Stay Close and Connected to People Who Care About You
Learning you have HIV—and talking about it—can be some of the most difficult parts of having the condition. You do not have to go through this alone. As a matter of fact, you may find a new family because of it. You may connect with and learn from others who've been there.
Think about who should be told (like your sexual partner) and confide in them.
Your HIV status is a very personal matter and you might not be ready to tell everyone. Some people may not understand, or you might feel the need to protect them from the worries you may feel with your HIV status. But you may also be surprised at how supportive your loved ones can be. You should also consider telling close friends or family members, because they may help you in times of need.
Talking With Your Partners
Strong relationships are based on trust and honesty. At the end of the day, it’s up to you who you choose to tell, and when. Your sexual partners, however, must be made aware of your status.

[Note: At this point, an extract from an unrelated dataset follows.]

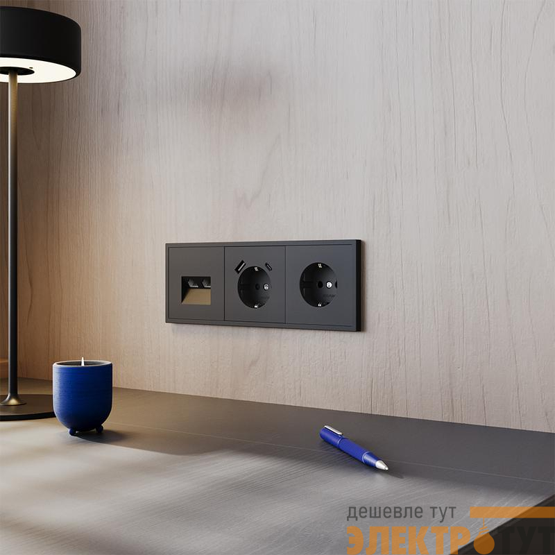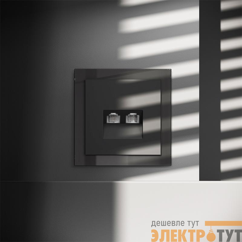 VLS060208 | Розетка компьютерная 2-м СП S70 RJ45 + RJ45 кат.6 механизм черн. матов. Voltum
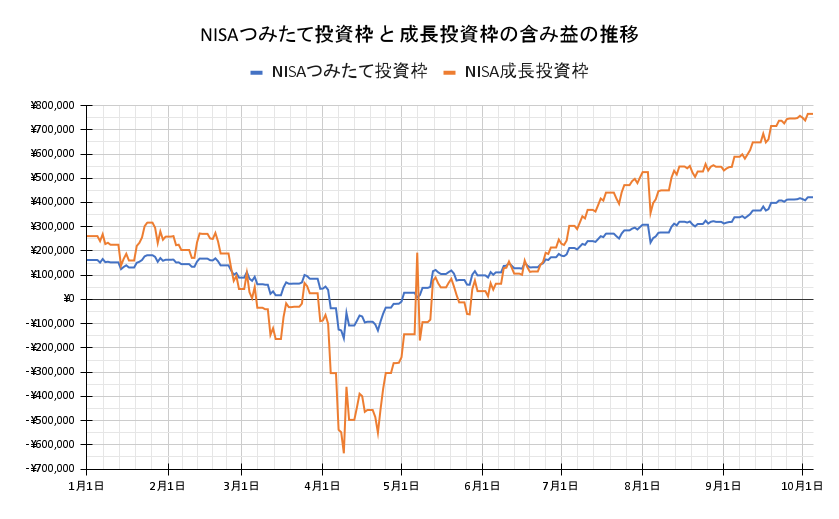 下は、年初1月からのNISAつみたて投資枠と成長投資枠の含み益の推移のグラフになります。

You and your partner should routinely talk about sex, sexually transmitted infections (STIs), and condom use. In many cases it won’t be an easy conversation. But in the end, you will be more confident that you and your partner are making informed decisions.
Having HIV infection does not mean that you have to give up sex.
In fact, now is the time for a healthier relationship with sex. In the interest of self-care and the care of your partner:
- Learn safer sex practices and use them. Remember, safer sex is about more than not only passing HIV to anyone else. There are many other diseases around that you do not want to catch from another person.
- If you are being threatened with physical or emotional abuse, let someone know what is happening to you (you cannot have a healthy sex life if you don’t feel safe).
- Support groups offer excellent opportunities to discuss sexual and relationship issues.
There are no hard rules when it comes to disclosing your HIV status. There is no right time. The best time is when you are ready. An AIDS service organization (ASO) will get you connected to the people who can help you, no matter what your needs.